Paylaş
- Bir kesim diyordu ki, olay ahlakidir, hukuki değil; yargının yapacağı bir şey yok; yargı bunları aklar...
- Öbür kesim diyordu ki, bu bir kumpastır, son sözü yargı söyler diyerek ciddi bir olay gibi gösteriyorsun, işi ‘mahkemelik’ yapıyorsun.
Fakat Cumhurbaşkanı Erdoğan, Kılıçdaroğlu hakkında tazminattan başka “ceza davaları da açacağız” dedi. Başbakan Yıldırım da “elindeki bilgi ve belgeleri zaman geçirmeden savcılığa iletmesini istedik, tıs çıkmadı” diye konuştu.
Dün belgeleri savcılığa verdiler, basına dağıttılar.
Vermeseydiler bile Ankara Başsavcılığı zaten belgeleri istemişti; doğrusu da buydu.
Evet, işte iki gün önce yazdığım gibi “son sözü yargı söyleyecek”.
‘ETKİLİ SORUŞTURMA’
Savcı neyi araştıracak? Önce belgeler sahte mi, gerçek mi, diye araştıracak.
Belgeler gerçek ise, o zaman olağan bir ticari faaliyet mi diye bakacak; para transferinin ticari konusunun ne olduğunu araştıracak.
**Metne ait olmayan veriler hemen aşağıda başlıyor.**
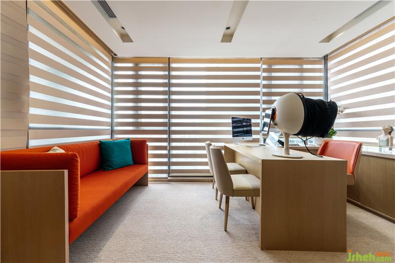 空間布局上:本案是由200平米大平層住宅改造二層,故在空間布局上稍稍受到格局限制。但是設(shè)計(jì)師還是精心打造了前臺接待區(qū)、等候休息區(qū)、美容顧問室、公共衛(wèi)生間、美牙室、頭皮管理室、桑拿房、調(diào)料室,以及2間雙人美容VIP,2間單人美容VIP,其中單雙人VIP各有一間帶獨(dú)立浴缸。

Bu iki açıdan yapılacak yargılamanın sonuçları hem iktidar hem CHP için fevkalade önemli olacak tabii.
Tamam da yargıya güvenilebilir mi?
Bir hukukçu olarak somut bir dosya için ben güvensizlik beyan edemem.
Sadece şunu belirtirim: Yargının AİHM içtihatlarındaki anlamda “etkili soruşturma” yapması gerekecektir.
Bu ne demek?
Anayasa Mahkemesi’nin Hırant Dink davasında belirttiği gibi, “yürütülecek ceza soruşturmalarının sorumlularının tespitine imkân verecek şekilde etkili ve yeterli olması” demektir. (B. No: 2012/848)
Yetersiz soruşturmayla karar verilirse, taraflar “bireysel başvuru” yoluyla AYM ve AİHM’ye gidebilir.
AMBARGO YOK HÜKMÜNDE
Zarrab davasına gelince... Türkiye’den birilerinin veya şirketlerin İran’la ticaret yaparak Amerikan ambargosunu delmesi, Türk hukuku açısından hiçbir şekilde suç olamaz.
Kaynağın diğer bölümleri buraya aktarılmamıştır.